During my brief time living in Chicago, I spent many weekends visiting the Art Institute. I always had a blast just perusing through the halls of that museum – seeing works from Ruebens, Van Gogh, Monet, Brueghel The Elder, Giacommeti… many fond memories. Seeing the lives of many artists within the canvas and clay.
What really moved me within the Chicago Art Institute was the time I was able to see the entirety of Francisco de Goya’s Disasters of War series. His work changed how I see the world and how I create art as a whole. I didn’t fully grasp how intense this feeling was, but when I walked out of the museum that day, I knew something had happened irrevocably deep within my soul.
It was one of those foggy, windy, shitty rainy days in Chicago and I had to run my ass 6 blocks down from where I was staying to get to the Art Museum. I scheduled an entire day in their Prints And Drawings Research Room to have a private viewing of Goya’s print series (I highly recommend doing this, you just have to work around the museum’s wonky hours of availability). When I arrived they brought me in right away, sat me down, handed me some fabric gloves, and rolled over this big black and red cart of shelves with Goya’s work within them. And there I sat, slowly peering through each of his prints.
To see the depth of Goya’s black inks, the sharpness of his marks, scaling of his compositions… words fail. I felt like I found a comrade that shares the same vision I have of the world, one that knew exactly how to express that vision. I understand how one would view The Disasters of War as grotesque and bleak, but there is still a sense of beauty in that darkness. There are a still few works within the series that offer glimmers of hope, even within its senseless violence. Seeing work like this with your own eyes in an actual space has its way of changing you.

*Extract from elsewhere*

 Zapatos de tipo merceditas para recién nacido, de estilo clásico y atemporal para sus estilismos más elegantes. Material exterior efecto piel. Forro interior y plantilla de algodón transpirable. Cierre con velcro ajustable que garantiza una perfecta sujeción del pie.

As with any experience that you see with your own eyes, you take something in that a screen cannot give back. Actual experience can alter us in ways that we can move forward in the world with a completely new perspective. This perspective can change our courses beyond recognition… had I not seen Goya’s series in person, I am not sure I would have moved forward with my Metropolis series. I felt reborn.

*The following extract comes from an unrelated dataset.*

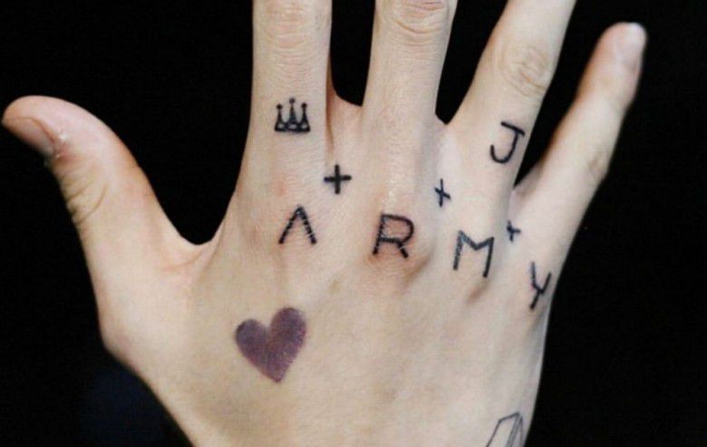 Army adalah tato paling menonjol di tangan Jungkook. A di ARMY tidak memiliki garis, membuatnya terlihat seperti V terbalik. Fans mengira itu adalah kombinasi dari nama fandom BTS, "ARMY," dan inisial para anggota (V, RM, dan Yoongi).

That is why I own artwork and continue to create artwork: So that I can find new meaning and understanding in the world, so that I can share that with others.
And so, there is something I cannot stress enough when it comes to seeing artwork: go see it in person. Go to the museums, go to the galleries. If you know of any artists in the area that you admire, schedule a time to go meet them and see their work. Get out there and see some art. Let your eyes feel artwork that needs that in person experience. We need to be out there in the world, communicating with one another. Let us use art, to some extent, as that bridge.